Our study is not without limitations. First, the sample size in our study is rather small. However, it is clearly the largest in any published study dealing with this issue so far. Second, not all hips were analyzed for bearing wear volume. However, it must be noted that large patient cohorts with clinical information, laboratory and imaging findings, tissue samples and also retrieval analyses available, are not easily available anywhere globally. Further, our patient cohort is free of selection bias as all patients have been primarily operated and followed-up thereafter at our institution with no referrals from other centers. Thirdly, we were not able to analyze the volume of the material loss from the trunnion in those patients with ASR XL hip implants. However, the volume of the material loss from the trunnion is known to be less than that from the bearing couple [49]. Fourth, we used surrogate markers (semiquantitative histology) to indirectly investigate the presence of intrinsic factors contributing to the response.

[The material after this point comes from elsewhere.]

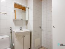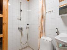 - Sauna, sähkökiuas, kylpyhuone, suihku, peilikaappi, allaskaappi, pesukoneliitäntä, lattialämmitys KPH, kiinteät valaisimet.

Measuring variability in signaling pathways provide more direct evidence, but was out of the scope of the current study. Besides, histological methods are well-documented and there is vast amount of literature regarding ARMD histology. However, it is not yet well understood which signaling pathways are important in the development of ARMD and thus a comprehensive study of such would not be realistic. Our study offers novel insight into the role of intrinsic versus extrinsic factors in the pathogenesis of ARMD and is the largest bilateral patient cohort published on the subject. Further, our study is the first one to include wear data.

Conclusion

In conclusion, intrinsic host-specific factors most likely contribute to the development of ARMD in addition to extrinsic factors such as implant wear debris. Further, it is likely that there are differences in these host-specific factors between patients, manifesting as susceptibility to metal debris of variable degree. Clinicians should bear in mind that patients may have different responses to the same amount of wear debris, usually measured as blood metal ion levels. Some patients may tolerate high amounts of metal debris and some patients may develop even severe adverse tissue responses in the presence of a low-wearing hip implant. Also, bilateral MoM patients with failure on one side will likely develop a similar tissue response on the other side as well. This should be accounted for in the follow-up of patients with bilateral MoM hip replacements. In future studies, it is important to search for possible biomarkers that would predict the severity and type of the intrinsic response, in other words, patient susceptibility. Further, it is important to understand the true nature of ARMD in order to be able to design safer bearing couples in the future.